__Directions for this task__.
The data that follows is to be copied exactly, with each image removed.

__Records contained in a dataset__.
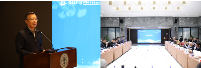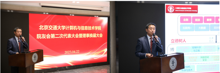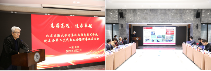计算机与信息技术学院院长蔡伯根介绍了学院组成、师资队伍、人才培养、科学研究、社会服务、校企合作等各方面情况,展望了学院的未来发展,并对澳门正规电子游戏平台院友们提出了深切期盼。
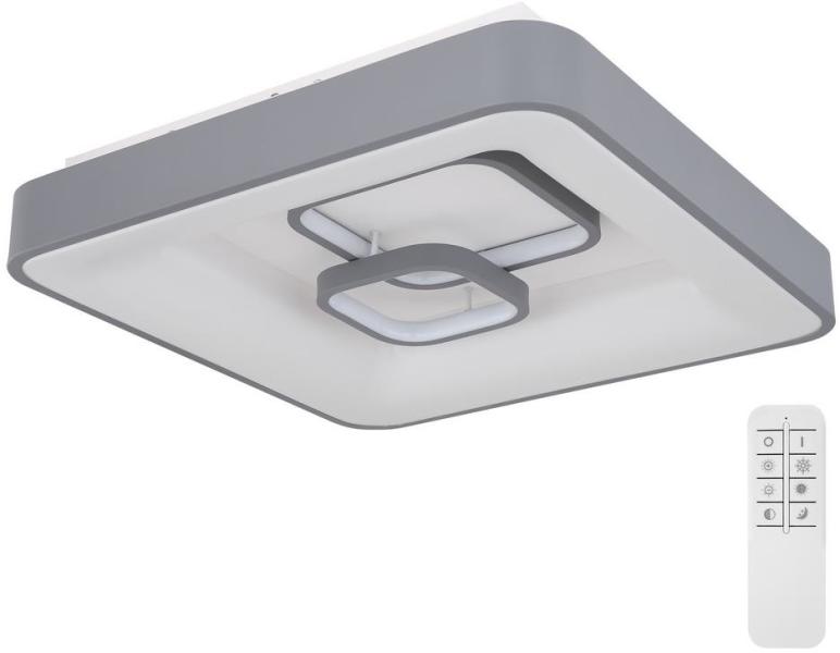 Mennyezeti lámpa alaplap, akril fehér-szürke búrával. Funkciók: memória, éjszakai fény, színhőmérsékletváltós, fényerő-szabályozható, távirányítóval. HxSZxM:500x500x100, inkl. 1xLED 50W 230V, 1900lm, CCT 3.000-6.000
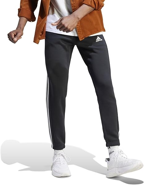 adidas Men's Essentials Fleece Tapered Cuffed 3-Stripes Pants, Black, X-Large
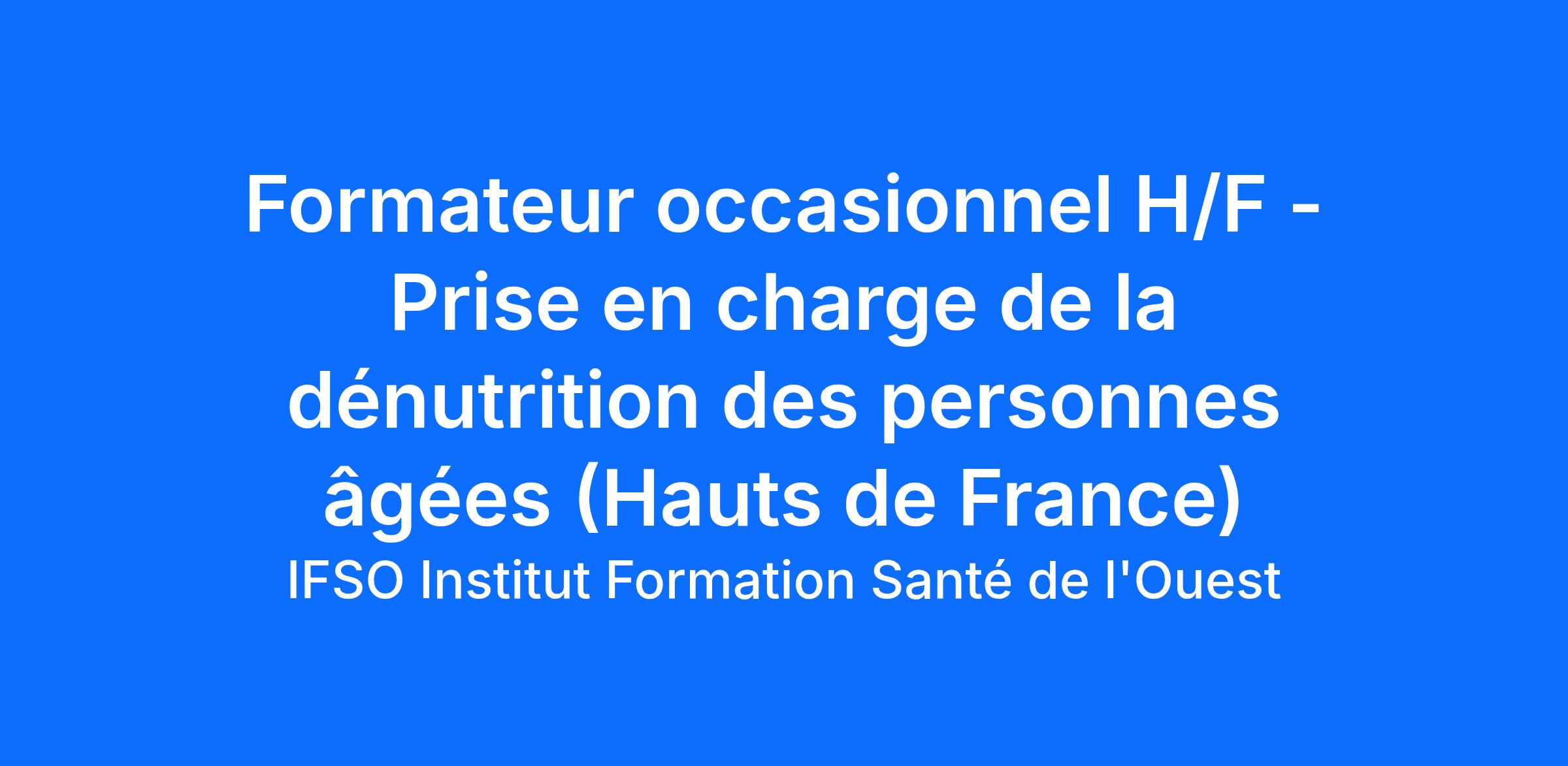 L’IFSO (Institut de Formation en Santé de l'Ouest) recherche des formateurs occasionnels pour intervenir sur la thématique de la dénutrition des personnes âgées, en région Auvergne Rhône Alpes.
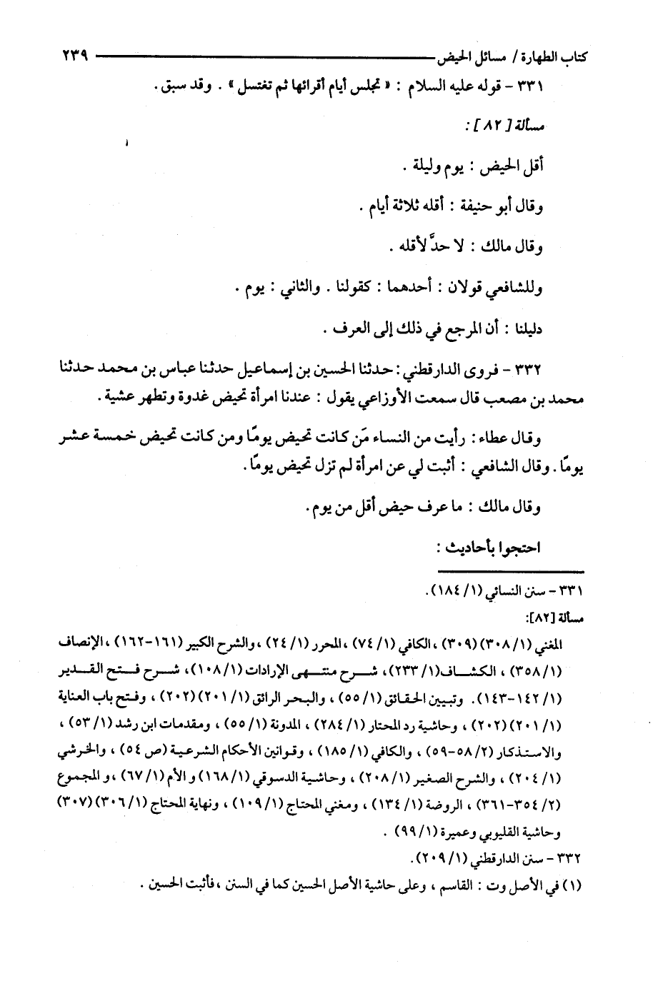 332 - فروى الدارقطني : حدثنا الحسين بن إسماعيل حدثنا عباس بن محمد حدثنا محمد بن مصعب قال سمعت الأوزاعي يقول : عندنا امرأة تحيض غدوة وتطهر عشية .
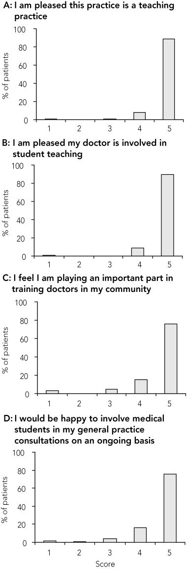 Patients strongly supported the involvement of their general practice in medical student teaching, with 89% strongly agreeing that they were pleased the practice was a teaching practice and 90% that their doctor was involved in teaching (Box 3).
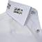 White cotton dress shirt with emerald cut Swarovski buttons; 100% cotton. Shirt can be worn on its own or matched with a range of jackets, trousers and jeans from the collection.
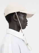 Crafted in a versatile cream colorway with subtle Jacquemus branding embroidered on the front, this cap is the perfect finishing touch to any casual ensemble. The adjustable drawstring closure ensures a comfortable, customized fit.
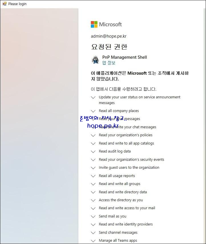 cf) PnP Management Shell 앱을 등록하고 테넌트에 대한 액세스 권한을 부여하지 않고 연결 시도를 진행하면 다음과 같은 에러가 발생 합니다.

__Exercise response__.
计算机与信息技术学院院长蔡伯根介绍了学院组成、师资队伍、人才培养、科学研究、社会服务、校企合作等各方面情况,展望了学院的未来发展,并对澳门正规电子游戏平台院友们提出了深切期盼。
 Mennyezeti lámpa alaplap, akril fehér-szürke búrával. Funkciók: memória, éjszakai fény, színhőmérsékletváltós, fényerő-szabályozható, távirányítóval. HxSZxM:500x500x100, inkl. 1xLED 50W 230V, 1900lm, CCT 3.000-6.000
 adidas Men's Essentials Fleece Tapered Cuffed 3-Stripes Pants, Black, X-Large
 L’IFSO (Institut de Formation en Santé de l'Ouest) recherche des formateurs occasionnels pour intervenir sur la thématique de la dénutrition des personnes âgées, en région Auvergne Rhône Alpes.
 332 - فروى الدارقطني : حدثنا الحسين بن إسماعيل حدثنا عباس بن محمد حدثنا محمد بن مصعب قال سمعت الأوزاعي يقول : عندنا امرأة تحيض غدوة وتطهر عشية .
 Patients strongly supported the involvement of their general practice in medical student teaching, with 89% strongly agreeing that they were pleased the practice was a teaching practice and 90% that their doctor was involved in teaching (Box 3).
 White cotton dress shirt with emerald cut Swarovski buttons; 100% cotton. Shirt can be worn on its own or matched with a range of jackets, trousers and jeans from the collection.
 Crafted in a versatile cream colorway with subtle Jacquemus branding embroidered on the front, this cap is the perfect finishing touch to any casual ensemble. The adjustable drawstring closure ensures a comfortable, customized fit.
 cf) PnP Management Shell 앱을 등록하고 테넌트에 대한 액세스 권한을 부여하지 않고 연결 시도를 진행하면 다음과 같은 에러가 발생 합니다.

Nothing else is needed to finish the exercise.